Data records:
————

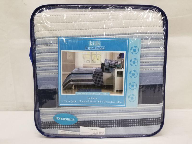 Kids Expressions Twin Quilt Set with Sham and Decorative Pillow - Reversible, Blue Stripes - New
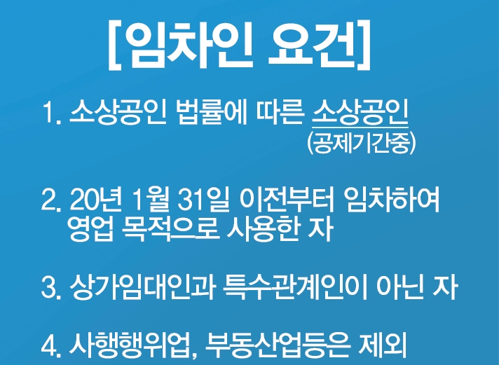 지금은 소상공인 정책자금 지원 대상에 부동산업은 제외돼 있습니다. 하지만 이 기간에는 임대료를 일정 수준 인하한 비주거용 임대업자도 자금지원 대상에 포함됩니다.
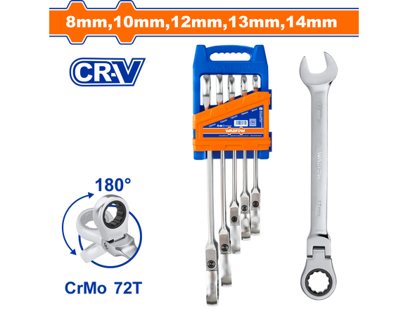 Набор ключей комбинированных с трещоткой шарнирных WADFOW 5 шт 8-14мм (1/24)
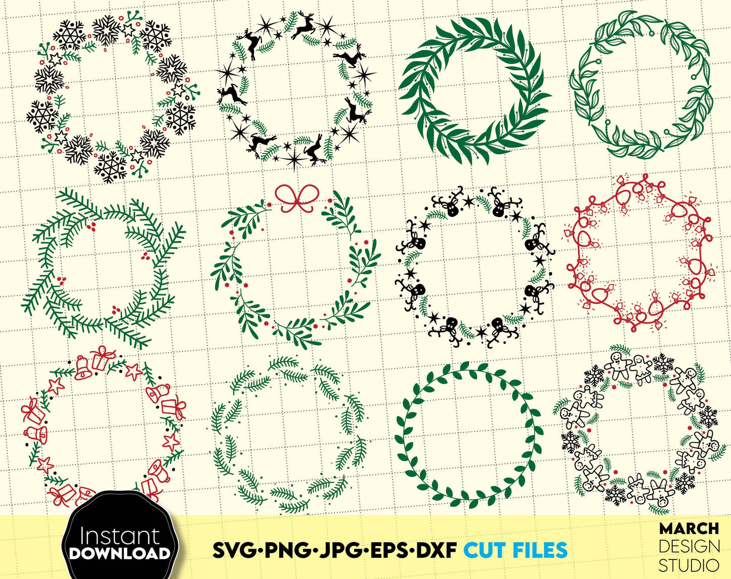 Christmas wreath SVG, PNG, JPG, EPS, DXF bundle. Compatible with Cricut, Silhouette or other machines. Cut from vinyl, use for sublimation or laser cut projects. Buy now for a good price and enjoy!
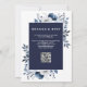 Marinblå Elegant Rustik Blommig QR-kod Bröllop Inbjudningar
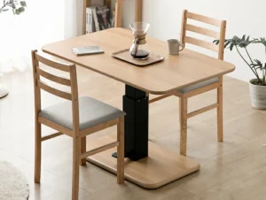 ペダルを踏むとガス圧昇降で無段階に高さ調節ができる昇降式テーブル。高さ次第でダイニングテーブルだけでなく、センターテーブルやデスクとしても使用できます。カラーはアッシュ・ナチュラル・ブラウンの3種類を用意。一本足でも強度に優れたスチール脚を採用し、天板は天然木のような木目調が施されています。
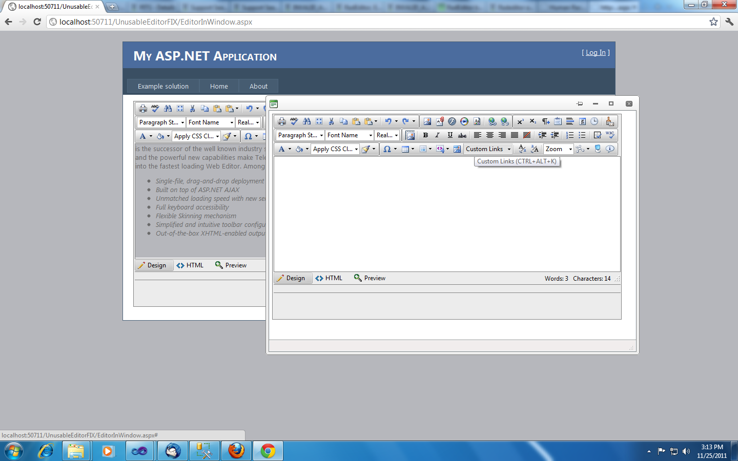 I have added the RadEditor in the RadWindow. It is working fine in all the browsers except the Google chrome and only in the specific version. It is working fine with the Chrome 11.0 but not working in the 15.0.
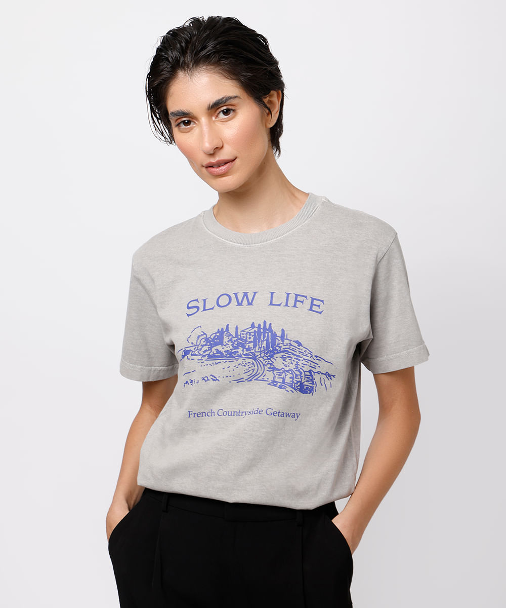 camiseta feminina de algodão slow life mindset cinza
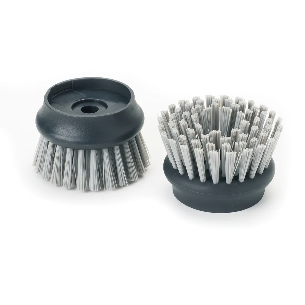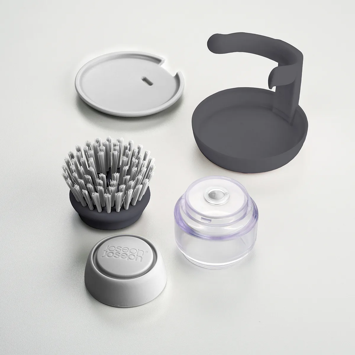 Este robusto cepillo de mano para lavar platos cuenta con un depósito de fácil llenado que dispensa la cantidad necesaria de jabón con solo presionar el botón superior.
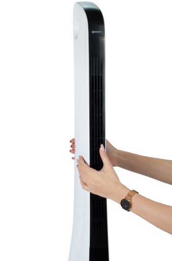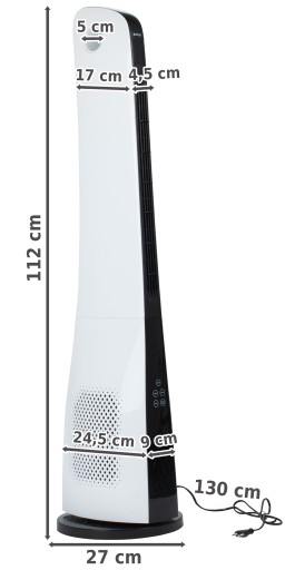 Wentylator kolumnowy zamiast klasycznego wiatraka został wyposażony w wentylator turbinowy, który dmucha na całej wysokości wentylatora.
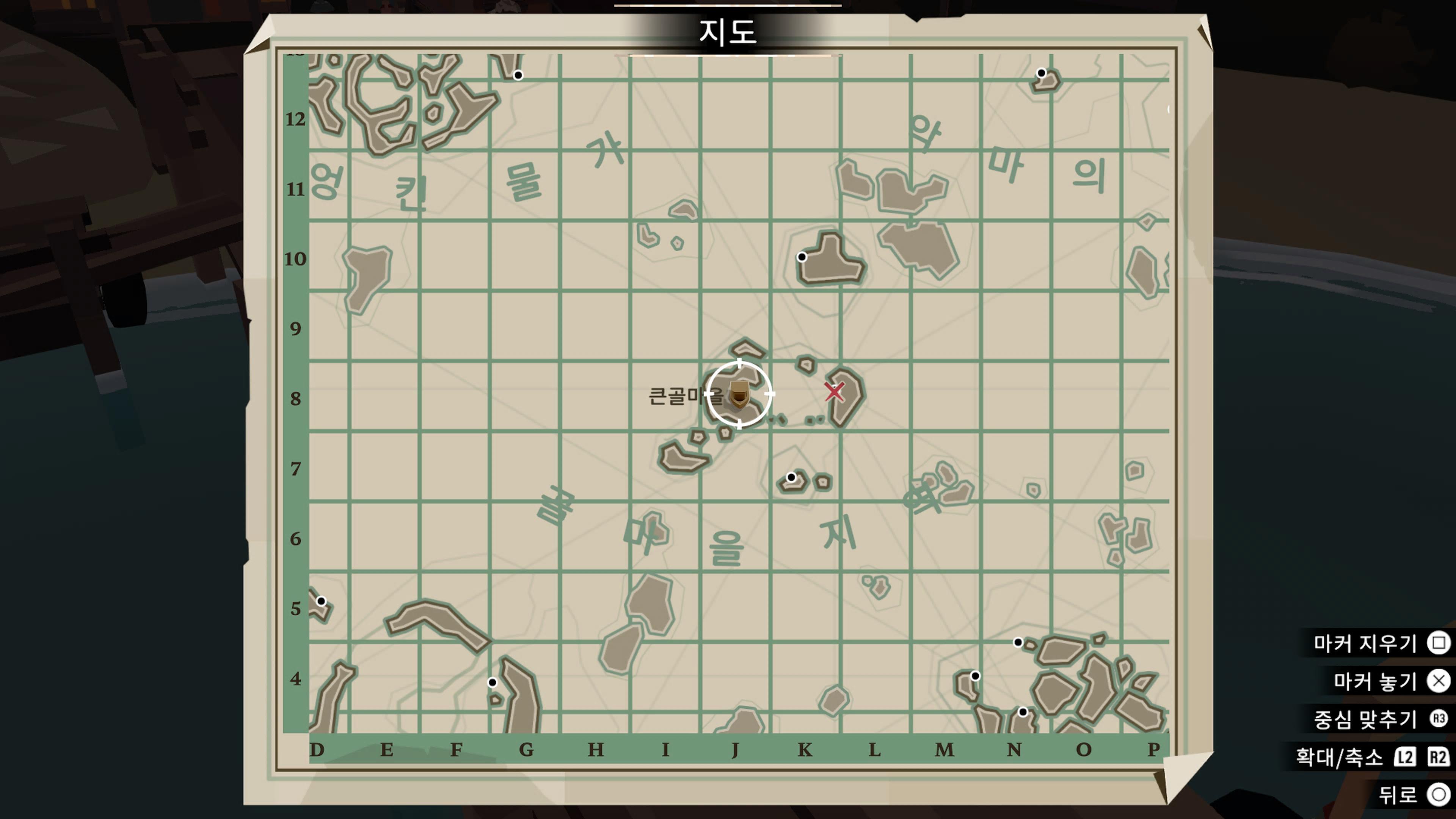 유물이 있는 곳은 빨간 점으로 된 소용돌이? 가 바다에서 피어오르니 확인이 쉽다.
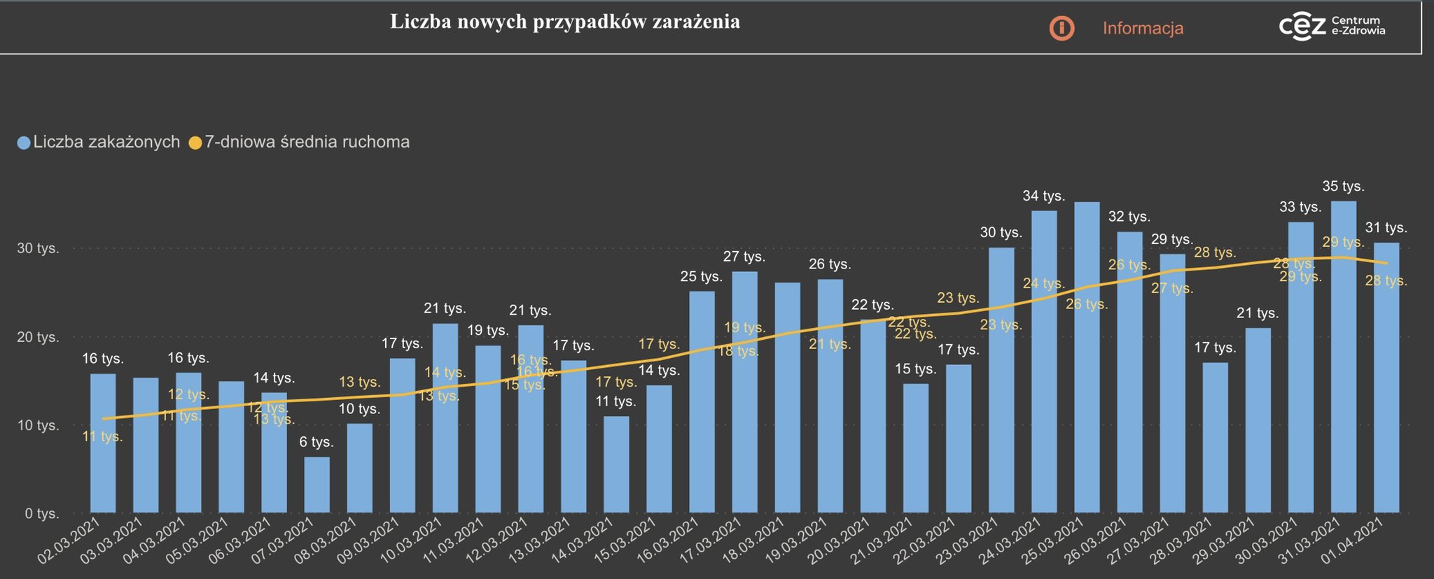 - Dzisiejsza liczba nowych zakażeÅ„ jest mniejsza o 13 proc. od odnotowanej tydzieÅ„ temu. Ten spadek ma miejsce przy 100 tys. wykonanych testów – zauważyÅ‚ minister Zdrowia Adam Niedzielski. - To kolejny sygnaÅ‚ - po malejÄ…cej liczbie zleceÅ„ POZ na testy - wskazujÄ…cy na odwrócenie tendencji w III fali. BÄ…dźmy odpowiedzialni w te ÅšwiÄ™ta!

————

• Task to complete
The data above holds the lines to copy: start at the one with "I have added", stop at the one with "유물이 있는 곳은 빨간", include both, copy them exactly without pictures, and copy nothing else.

• Answer area
 I have added the RadEditor in the RadWindow. It is working fine in all the browsers except the Google chrome and only in the specific version. It is working fine with the Chrome 11.0 but not working in the 15.0.
 camiseta feminina de algodão slow life mindset cinza
 Este robusto cepillo de mano para lavar platos cuenta con un depósito de fácil llenado que dispensa la cantidad necesaria de jabón con solo presionar el botón superior.
 Wentylator kolumnowy zamiast klasycznego wiatraka został wyposażony w wentylator turbinowy, który dmucha na całej wysokości wentylatora.
 유물이 있는 곳은 빨간 점으로 된 소용돌이? 가 바다에서 피어오르니 확인이 쉽다.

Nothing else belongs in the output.